WHAT YOU SHOULD DO. A word-for-word copy of the listing, free of images, is the expected answer.

AVAILABLE DATA.
◇ ◇ ◇ ◇ ◇

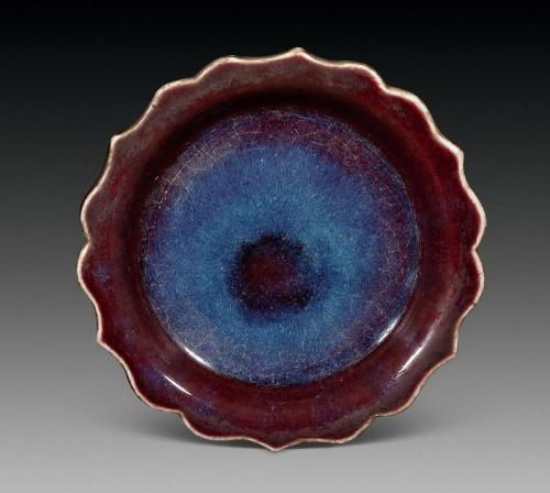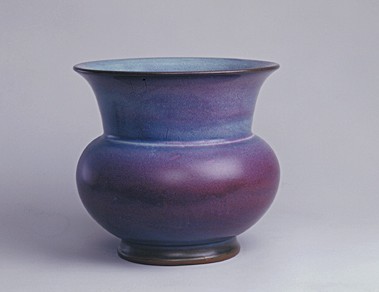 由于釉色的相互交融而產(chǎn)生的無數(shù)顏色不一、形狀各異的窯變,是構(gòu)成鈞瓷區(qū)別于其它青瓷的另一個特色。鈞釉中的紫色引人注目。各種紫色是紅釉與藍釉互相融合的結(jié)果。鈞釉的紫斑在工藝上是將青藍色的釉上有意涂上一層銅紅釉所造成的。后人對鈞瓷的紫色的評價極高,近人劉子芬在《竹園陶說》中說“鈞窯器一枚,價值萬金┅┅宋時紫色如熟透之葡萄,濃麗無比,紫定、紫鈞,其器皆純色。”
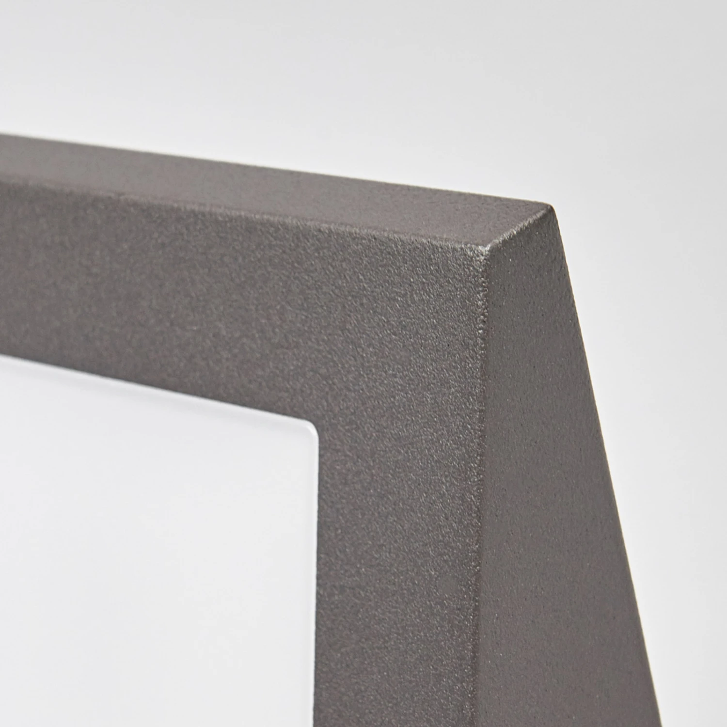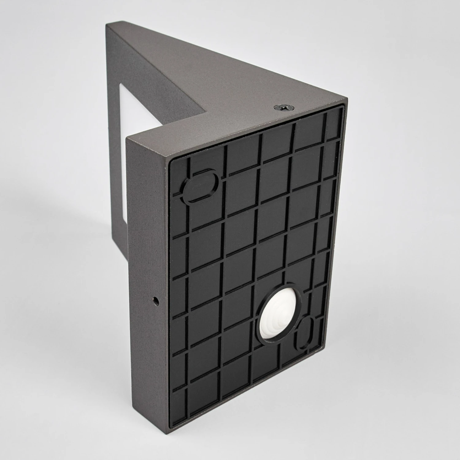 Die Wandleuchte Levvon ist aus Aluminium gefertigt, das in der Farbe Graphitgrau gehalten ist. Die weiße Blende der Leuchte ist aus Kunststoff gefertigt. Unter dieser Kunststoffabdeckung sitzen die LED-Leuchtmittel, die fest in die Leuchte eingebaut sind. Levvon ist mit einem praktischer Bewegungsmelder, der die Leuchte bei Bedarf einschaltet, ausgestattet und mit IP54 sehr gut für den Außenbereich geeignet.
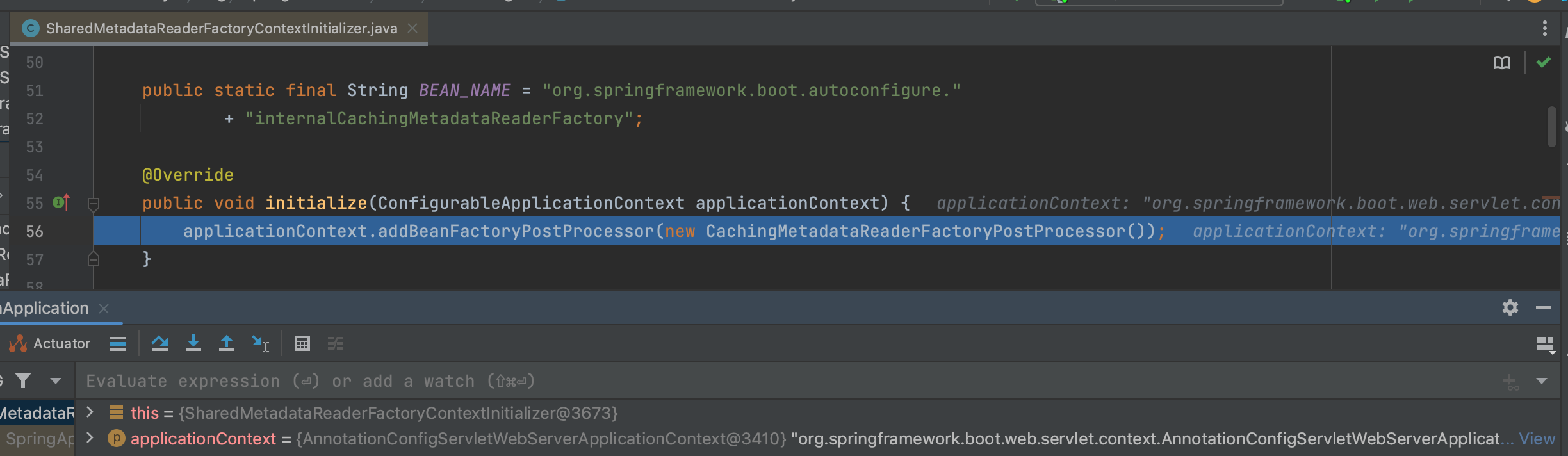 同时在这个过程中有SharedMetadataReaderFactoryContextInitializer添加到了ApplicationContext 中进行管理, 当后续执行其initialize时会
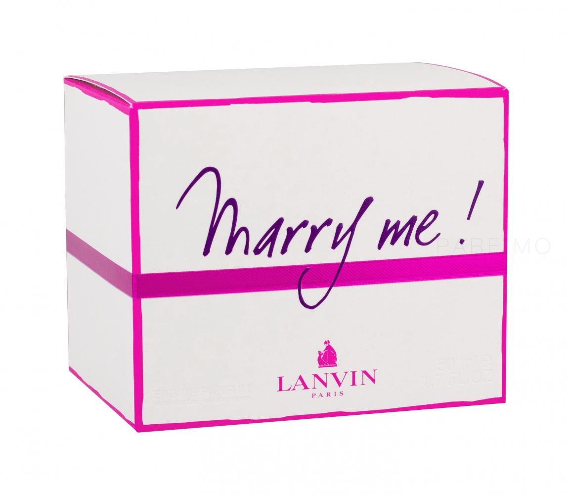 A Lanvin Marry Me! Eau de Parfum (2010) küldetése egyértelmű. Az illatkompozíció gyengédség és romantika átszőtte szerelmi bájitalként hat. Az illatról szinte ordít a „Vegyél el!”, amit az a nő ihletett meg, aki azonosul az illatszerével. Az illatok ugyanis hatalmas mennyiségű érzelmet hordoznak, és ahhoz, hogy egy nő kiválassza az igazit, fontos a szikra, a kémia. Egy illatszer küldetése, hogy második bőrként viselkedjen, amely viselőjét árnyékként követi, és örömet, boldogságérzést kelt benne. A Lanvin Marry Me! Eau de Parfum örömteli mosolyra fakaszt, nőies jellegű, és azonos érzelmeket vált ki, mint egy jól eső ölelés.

◇ ◇ ◇ ◇ ◇

TASK RESULT.
 由于釉色的相互交融而產(chǎn)生的無數(shù)顏色不一、形狀各異的窯變,是構(gòu)成鈞瓷區(qū)別于其它青瓷的另一個特色。鈞釉中的紫色引人注目。各種紫色是紅釉與藍釉互相融合的結(jié)果。鈞釉的紫斑在工藝上是將青藍色的釉上有意涂上一層銅紅釉所造成的。后人對鈞瓷的紫色的評價極高,近人劉子芬在《竹園陶說》中說“鈞窯器一枚,價值萬金┅┅宋時紫色如熟透之葡萄,濃麗無比,紫定、紫鈞,其器皆純色。”
 Die Wandleuchte Levvon ist aus Aluminium gefertigt, das in der Farbe Graphitgrau gehalten ist. Die weiße Blende der Leuchte ist aus Kunststoff gefertigt. Unter dieser Kunststoffabdeckung sitzen die LED-Leuchtmittel, die fest in die Leuchte eingebaut sind. Levvon ist mit einem praktischer Bewegungsmelder, der die Leuchte bei Bedarf einschaltet, ausgestattet und mit IP54 sehr gut für den Außenbereich geeignet.
 同时在这个过程中有SharedMetadataReaderFactoryContextInitializer添加到了ApplicationContext 中进行管理, 当后续执行其initialize时会
 A Lanvin Marry Me! Eau de Parfum (2010) küldetése egyértelmű. Az illatkompozíció gyengédség és romantika átszőtte szerelmi bájitalként hat. Az illatról szinte ordít a „Vegyél el!”, amit az a nő ihletett meg, aki azonosul az illatszerével. Az illatok ugyanis hatalmas mennyiségű érzelmet hordoznak, és ahhoz, hogy egy nő kiválassza az igazit, fontos a szikra, a kémia. Egy illatszer küldetése, hogy második bőrként viselkedjen, amely viselőjét árnyékként követi, és örömet, boldogságérzést kelt benne. A Lanvin Marry Me! Eau de Parfum örömteli mosolyra fakaszt, nőies jellegű, és azonos érzelmeket vált ki, mint egy jól eső ölelés.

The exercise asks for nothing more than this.